# Dust Collection



## Newbe (May 29, 2010)

I am in the process of setting up a dust collection system and I have used the publication "Dust Collection Basics" as aa reference. In this pub it says that if you use plastic ductwork you should run a copper wire through the duct and ground to each machine the duct is used at to prevent spark created by static electricity . My question is, can you just attach the wire to an outside ground?


----------



## Pop (Aug 6, 2007)

The whole grounding question is a sorce of great debate. Most pro grounding folks go with looping the wire around the outside of the pipe. They also say to ground the wire to the dust collector which is to be grounded to the electric source. Not each machine. A large majority of anti grounding folks say don't bother with grounding at all. There are many experts who have researched this and say static spark explosion in a small woodshop is impossible. I'm designing a new shop and I'm going to ground the darn thing. As one expert I talked to said "if it's a one in a million chance you might just be the millionth".

Pop


----------



## TheDane (May 15, 2008)

Lou-I am with Pop on this one. The chance of a fire (or explosion) is very small, indeed, but solid state devices like computers and other electronics are sensitive to electro-static discharge.

-Gerry


----------



## Newbe (May 29, 2010)

Thanks for the input. Now for another question, the pub I mentioned also states that for plastic (PVC,Etc) ducts you have to run the wire on the inside of the duct and for extra safty around the outside, seems like a lot of copper wire to me. Is it over kill?


----------



## handyman_pk (Jun 2, 2008)

i don't know its appropriate to ask question in this post or i should start new post. its related with dust collection pipes so i decided to post it here.
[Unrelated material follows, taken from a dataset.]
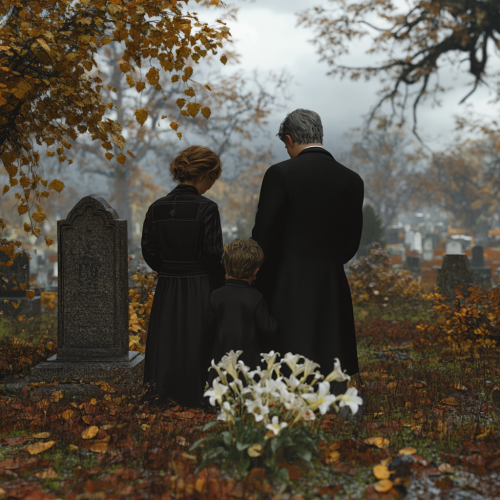 A small family mourning in a cemetery, 16:9 aspect ratio, hyper-realistic detail. Three figures - a man, a woman, and a young child - stand close together facing a simple granite headstone. They're dressed in crisp black attire, their heads bowed in shared grief. The woman's hand rests gently on the child's shoulder. Autumn leaves in shades of gold and burgundy scatter the ground around their polished black shoes. The cemetery stretches out behind them, rows of weathered headstones visible in the distance. Ancient oak trees with gnarled branches frame the scene, their leaves casting dappled shadows. The sky is overcast, with heavy grey clouds threatening rain, adding to the somber atmosphere. In the foreground, a bouquet of white lilies leans against the headstone, its petals captured in exquisite detail. Dewdrops cling to the flowers and nearby blades of grass, reflecting the muted light. The image has a muted color palette dominated by blacks, greys, and earthy tones, with occasional pops of color from the autumn leaves. Every texture is rendered in high definition - from the wool of their coats to the rough surface of the headstones and the bark of the trees. The lighting is soft and diffused, creating subtle shadows that accentuate the contours of the mourners' faces and the undulations of the cemetery grounds. The overall mood is one of quiet sorrow and reflection, captured in breathtaking, lifelike detail.

dose the hight of pipe running along walls effects the dust suction or i can mount it on floor? usually i saw it is higher then head


----------



## TheDane (May 15, 2008)

Lou-That's also sometimes a pretty hot topic. IMHO, there are as many downsides to running the copper inside the pipe as there are upsides. Chips and debris can get hung up on the wire (perhaps leading to a clogged pipe).

Check out this thread ( http://lumberjocks.com/topics/24006 ) for more info an divergent views.

-Gerry


----------



## Brrman (Jan 31, 2011)

Lou - I would not bother with the copper on the inside.


----------



## HorizontalMike (Jun 3, 2010)

A.) For those that are static-phobic then spend the extra and run metal ducts. Problem solved and everything is grounded.

B.) For the vast majority who always claim to be broke, poor, can't afford, are cheap SOBs, etc. then run PVC and skip the wire inside. Problem ignored.

Both choices work. My 2-cents…


----------



## Newbe (May 29, 2010)

Well I certainly got a good responce on my question on groounding my DC, a lot of opinions and some good facts. I guess I'll have to make a choice soon but I have one more question on the grounding of PVC ducts,someone mentioned that it wasn't necessary to use bare coper wire on PVC as it is a insulator and the small amount of insulation on a covered wire wouldn't have an effect on cancelling the static charge of a duct with a coil wrap on the outside of the PVC, how many are in agreement with this.


----------



## HorizontalMike (Jun 3, 2010)

OK Lou, I'm confused by your last. Why would you use an insulated wire to wrap your PVC duct? You may need to reword your question, or I made need to quit drinking to better understand (a real possibility  ). If you are grounding, nix the insulation.


----------



## MarkE (Feb 26, 2008)

One thing to remember. You cannot ground an insulator. PVC is an insulator.

The only thing that will ever be accomplished by running wires inside or outside ( or both) of pvc pipes is the minor reduction of static electric charge. This will bleed off some of the static build up form the movement of the dust through the PVC, but only a small amount of the static.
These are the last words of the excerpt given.